What you should do>
From the line that contains "While feature productions" through the last line of the data, copy everything exactly and nothing else, omitting the pictures.
BEGIN Given information
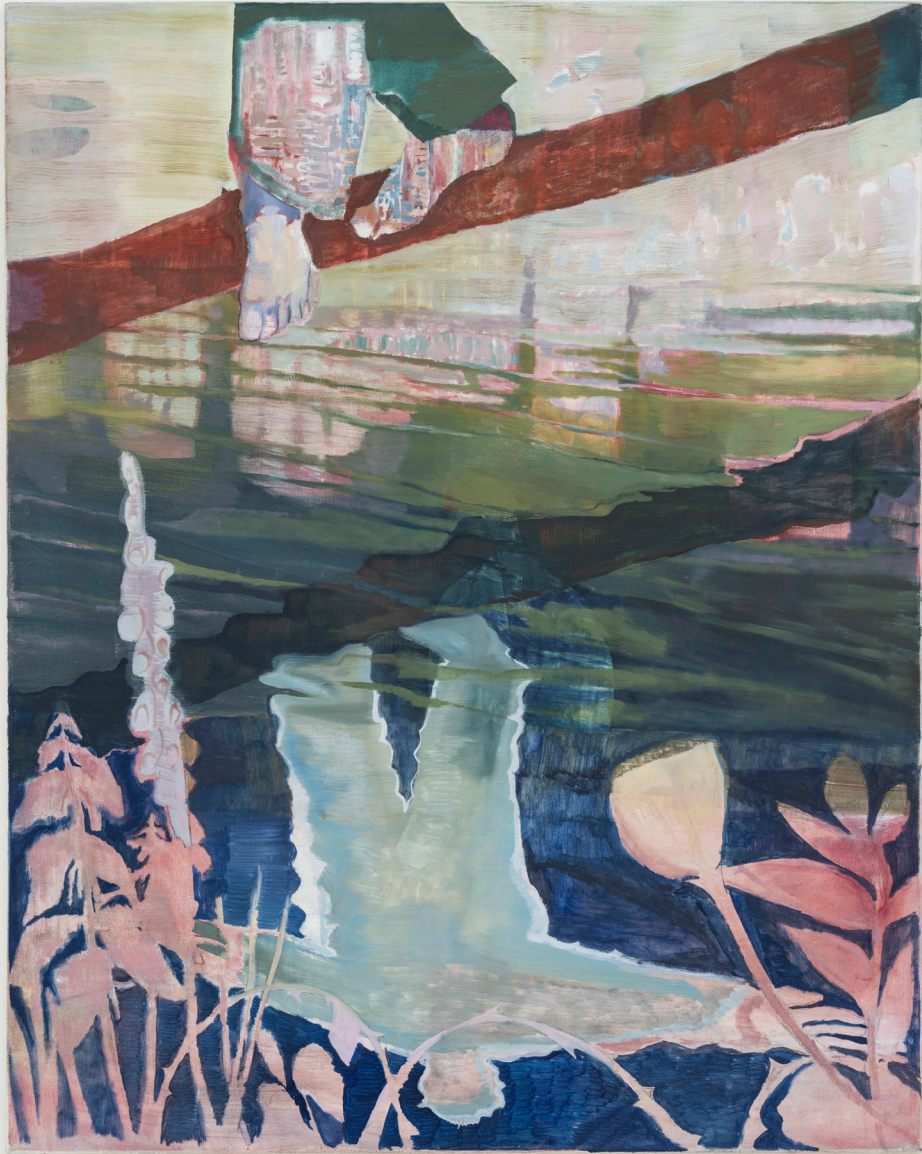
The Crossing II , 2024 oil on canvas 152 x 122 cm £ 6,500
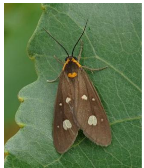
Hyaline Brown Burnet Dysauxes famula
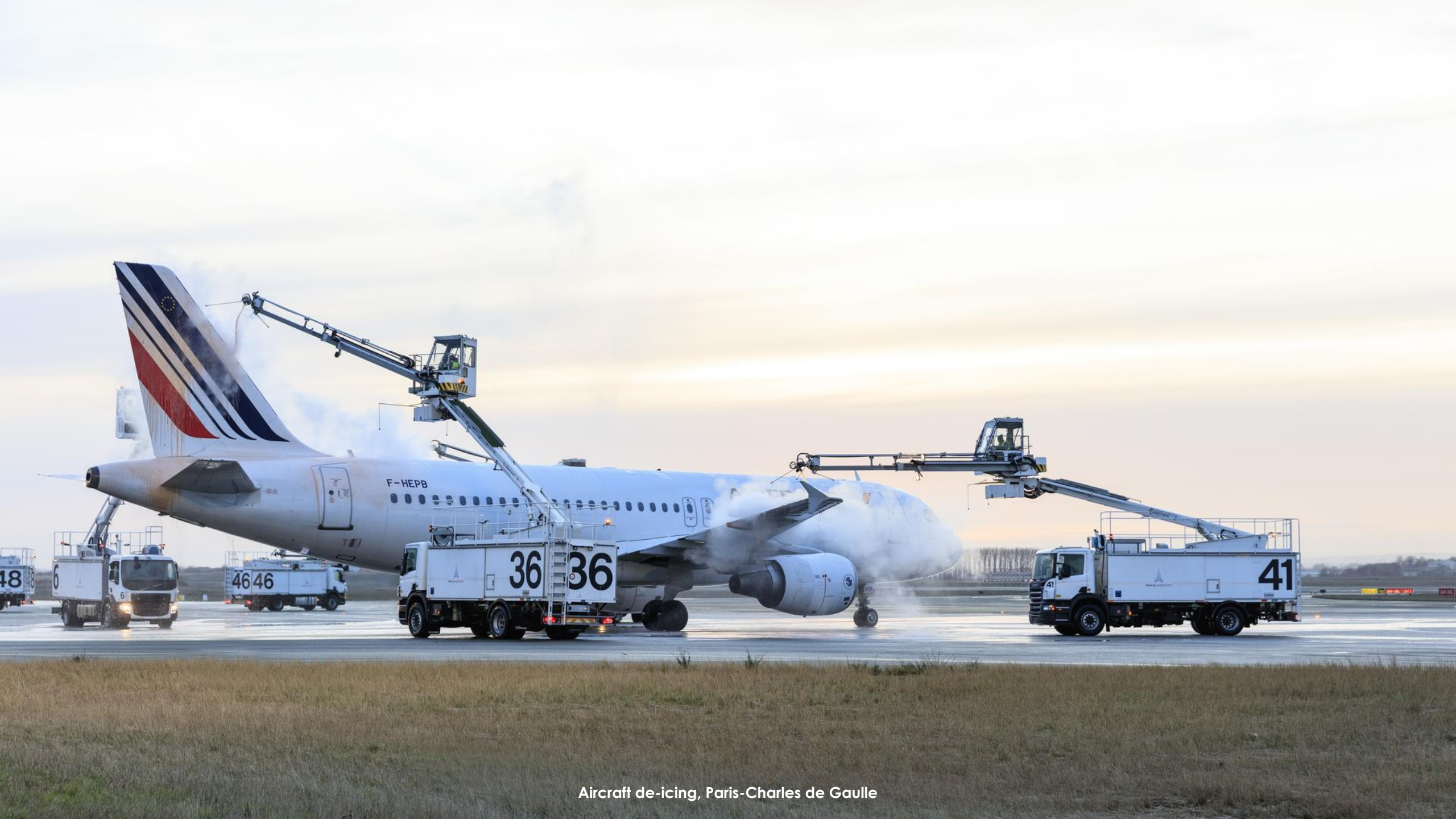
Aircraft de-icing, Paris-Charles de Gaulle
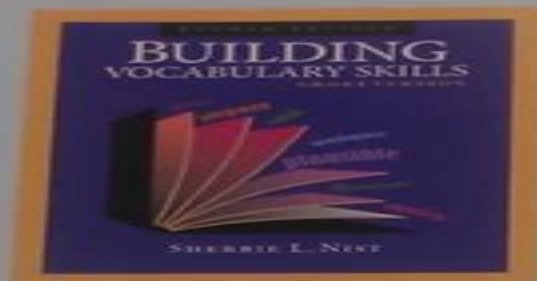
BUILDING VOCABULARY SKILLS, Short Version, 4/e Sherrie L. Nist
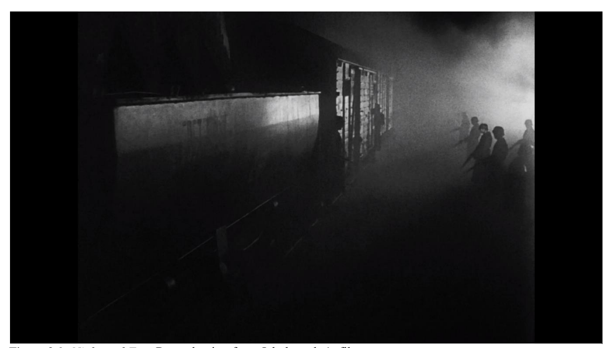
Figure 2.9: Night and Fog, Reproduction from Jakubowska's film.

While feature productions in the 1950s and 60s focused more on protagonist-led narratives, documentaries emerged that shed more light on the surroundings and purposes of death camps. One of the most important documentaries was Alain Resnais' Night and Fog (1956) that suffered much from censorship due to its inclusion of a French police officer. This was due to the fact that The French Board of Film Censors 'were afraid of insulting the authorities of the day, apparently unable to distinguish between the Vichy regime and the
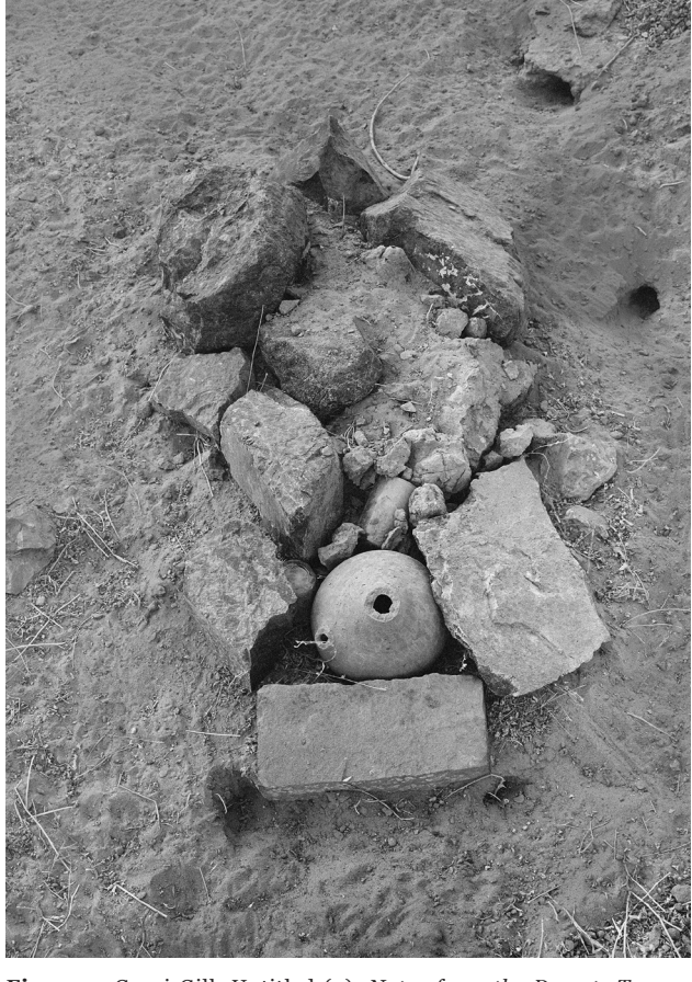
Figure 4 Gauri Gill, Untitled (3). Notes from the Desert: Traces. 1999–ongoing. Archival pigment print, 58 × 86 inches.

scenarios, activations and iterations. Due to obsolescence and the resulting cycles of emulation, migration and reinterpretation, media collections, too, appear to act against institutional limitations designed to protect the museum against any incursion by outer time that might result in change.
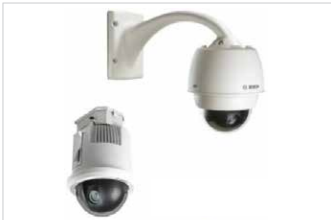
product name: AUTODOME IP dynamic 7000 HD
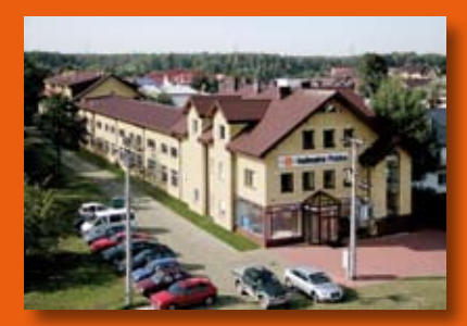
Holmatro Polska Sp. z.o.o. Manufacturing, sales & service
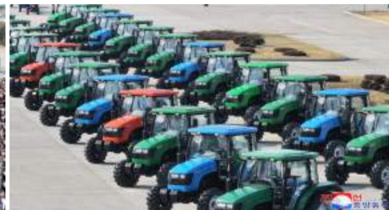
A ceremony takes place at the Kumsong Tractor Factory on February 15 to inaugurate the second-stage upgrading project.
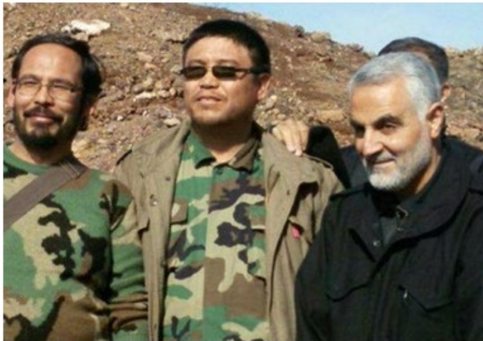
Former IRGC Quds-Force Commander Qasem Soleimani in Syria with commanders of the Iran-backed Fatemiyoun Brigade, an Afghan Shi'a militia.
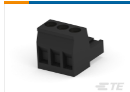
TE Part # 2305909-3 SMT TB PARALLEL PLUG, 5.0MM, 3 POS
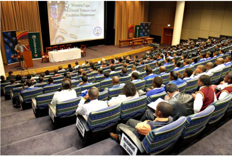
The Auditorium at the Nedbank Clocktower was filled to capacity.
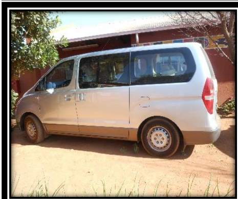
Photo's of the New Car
END Given information
Written response>
While feature productions in the 1950s and 60s focused more on protagonist-led narratives, documentaries emerged that shed more light on the surroundings and purposes of death camps. One of the most important documentaries was Alain Resnais' Night and Fog (1956) that suffered much from censorship due to its inclusion of a French police officer. This was due to the fact that The French Board of Film Censors 'were afraid of insulting the authorities of the day, apparently unable to distinguish between the Vichy regime and the
Figure 4 Gauri Gill, Untitled (3). Notes from the Desert: Traces. 1999–ongoing. Archival pigment print, 58 × 86 inches.

scenarios, activations and iterations. Due to obsolescence and the resulting cycles of emulation, migration and reinterpretation, media collections, too, appear to act against institutional limitations designed to protect the museum against any incursion by outer time that might result in change.
product name: AUTODOME IP dynamic 7000 HD
Holmatro Polska Sp. z.o.o. Manufacturing, sales & service
A ceremony takes place at the Kumsong Tractor Factory on February 15 to inaugurate the second-stage upgrading project.
Former IRGC Quds-Force Commander Qasem Soleimani in Syria with commanders of the Iran-backed Fatemiyoun Brigade, an Afghan Shi'a militia.
TE Part # 2305909-3 SMT TB PARALLEL PLUG, 5.0MM, 3 POS
The Auditorium at the Nedbank Clocktower was filled to capacity.
Photo's of the New Car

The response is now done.